Hillary Clinton-  18 günlük krizde ABD yönetimi içindeki tartışmalarda “Mübarek yönetiminde demokrasiye kontrollü geçiş” tezini savundu, ancak Tahrir Meydanı’ndaki heyecan ve Obama’nın tavrı nedeniyle kaybetti.


"ABD, Avrupa'dan daha iyi izliyor"


Kemal Kılıçdaroğlu, Milliyet’e gelmeden önce TRT’deki uzun röportajında “Eski CHP” ile kendisinin temsil ettiği “Yeni CHP” arasındaki fark sorulduğunda, hem Türkiye hem de Avrupa’da “Eski CHP’nin her şeye itiraz eden bir kurum olduğu algısı olduğundan” söz etti.
Gerçekten de CHP’deki değişim, partinin dış dünyayla ilişkileri açısından da bir dönüm noktası oldu. Deniz Baykal döneminde CHP’de ulusalcı, izolasyonist, Batı karşıtı bir söylem hâkimdi; Avrupa Birliği ve ABD ile dostluk ise Ak Parti’ye terk edilmişti.


CHP’de Batı’yla diyalog


Kılıçdaroğlu ise, Avrupa ve dış dünyayla daha entegre bir muhalefet çizgisinde. Brüksel gezisinde AB’yle sıcak temaslar yaşandı; geçen hafta Münih’te Batı ittifakının önemli zirvelerinden birine katıldı. Demeçlerinde Batı karşıtlığını körüklemektense, Batı’ya “Bakın Türkiye’de AKP dışı aktörler de var” mesajı vermeyi hedefliyor.


Füle: Söz vermişlerdi


CHP lideri dün Milliyet binasını ziyaretinde, bir süre önce Brüksel’de AB’nin Genişlemeden Sorumlu Komiseri Stefan Füle ile arasında geçen ilginç bir diyaloğu anlattı. “Yargıdaki son değişiklik sonrasında Füle’yle bir tartışmam oldu.
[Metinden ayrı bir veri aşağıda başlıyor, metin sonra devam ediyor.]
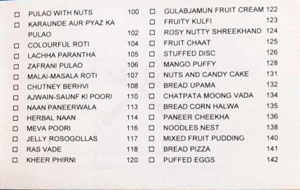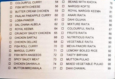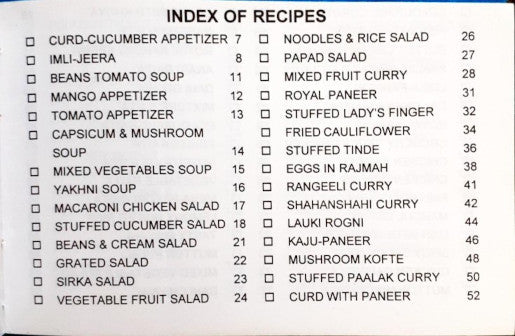Collection of 90 party recipes with colourful illustrations of the dishes. Includes Vegetarian & Non Vegetarian dishes with 7 course meal

Dedim ki ‘Siz AKP’nin anayasa değişikliğinin arkasındayım diyorsunuz. Ama amaçları yargı kurumlarını ele geçirmek.’ Füle ‘Ama bana söz verdiler. Yasalar, muhalefet ve yargıyla uzlaşı içinde çıkacak’ dedi. Bunun üzerinde son görüşmemde anlattım; aksine muhalefete komisyonda 5’er dakika konuşma izni verildiğini, önerge sayısının birle sınırlandığını. Şaşırdı.”
Kılıçdaroğlu, sadece bu değil birkaç olaydan yola çıkarak Avrupa Birliği’nin Türkiye’yi yeterince iyi izlemediği sonucunu çıkarmış. “Buna karşın Amerikalılar daha iyi izliyor olanı biteni. Düzenli olarak bu ihlalleri rapor ediyorlar” dedi.